Tesla believed that one of his inventions, the "magnifying transmitter", could be considered a machine suitable for attack and defense, in particular because it was connected to the remote control, or to the remote control of automata. 
"In the 1898 and in the 1900 it was offered to the Government and would have been adopted if I had behaved in a condescending manner. At that time I was seriously convinced that my car, due to its destructive potential and due to the complete elimination of the personal combat element, would have helped to discourage any kind of war. However, while I did not lose faith in its potential, my point of view changed."

In this passage Tesla, as a great inventor, becomes a great man, thinker, statesman, and faces the ethical problem of the scientist faced with a choice between his creation and the survival of the human race.

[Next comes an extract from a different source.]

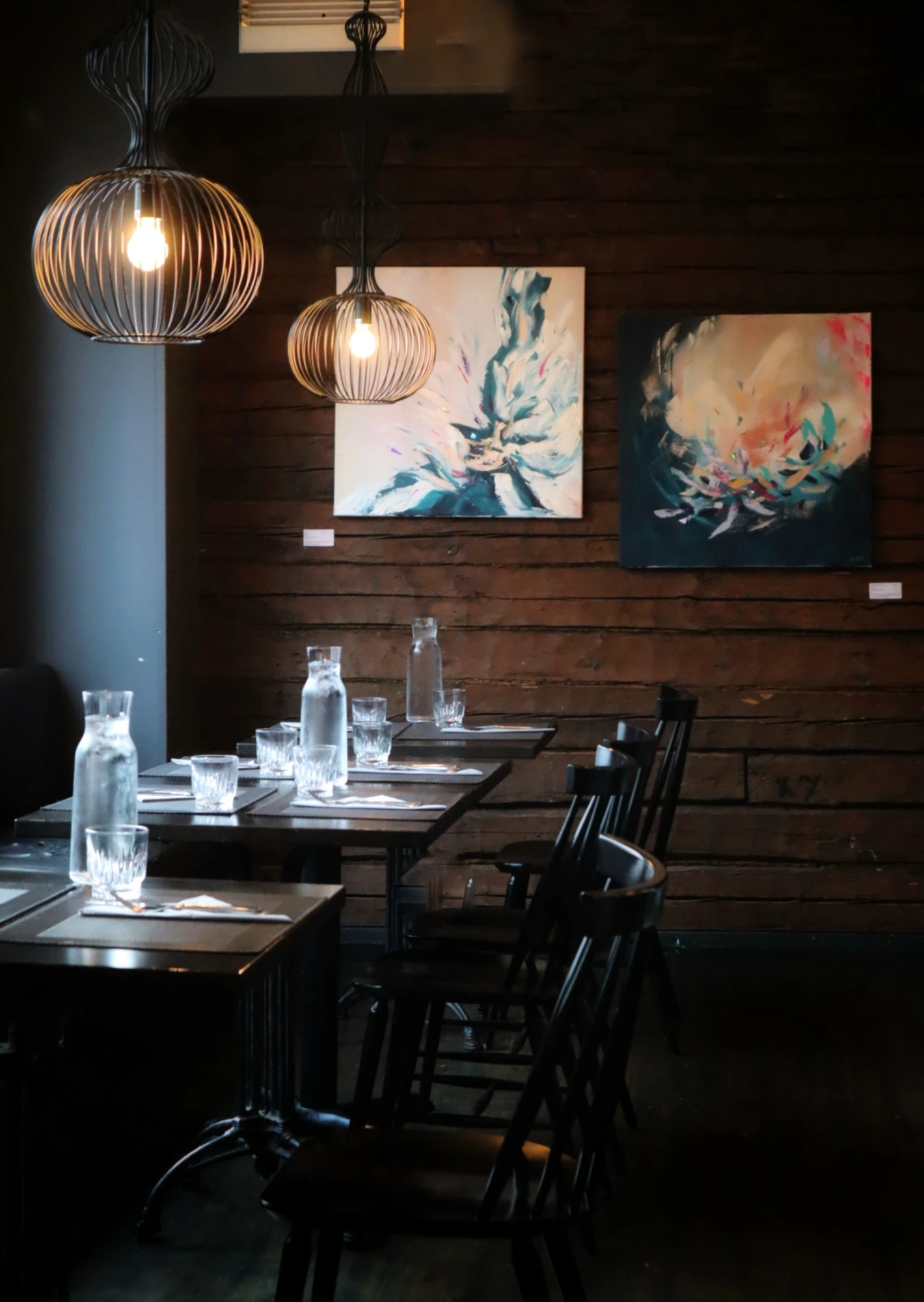 Ravintolassa järjestetään kuukausittain vaihtuvia taidenäyttelyitä, jotka tuovat tilaan eloa ja uusia näkökulmia. Taide ei ole erillinen elementti, vaan osa arkea ja ravintolan henkeä. Vanhan rakennuksen puitteet, puupinnat ja vuodenaikojen vaihtelu luovat taustan, jossa ruoka saa olla keskiössä ilman suuria eleitä.

Shortly afterwards he will express his ideas about the origin of conflicts and how to control them:
"The war cannot be avoided until the physical cause of its continuous repetition is removed, ultimately represented by the boundless extension of the planet in which we live. Only through the elimination of distances in all their aspects, that is, in the transmission of information, in the transport of passengers, in the power supply and in the free transmission of energy, will the conditions for a better cohabitation be made within a short time, thus ensuring stable relationships friendship. What we want more than anything else are closer relationships and a better understanding between people and communities in every place on Earth, in addition to the elimination of that fanatical devotion that exalts ideals of supremacy and national honor always ready to precipitate the world in primordial barbarism and conflict."

Perhaps a little too idealistic, one might think, but it must be remembered that Tesla was a very peculiar man. 
In any case it is good not to be deceived by his words that could make him look like a dreamer, Tesla was well aware of the real problems and of human nature and he knew well that: "peace can only be established as a natural consequence of universal enlightenment and the fusion of races, and we are still too far from this important goal".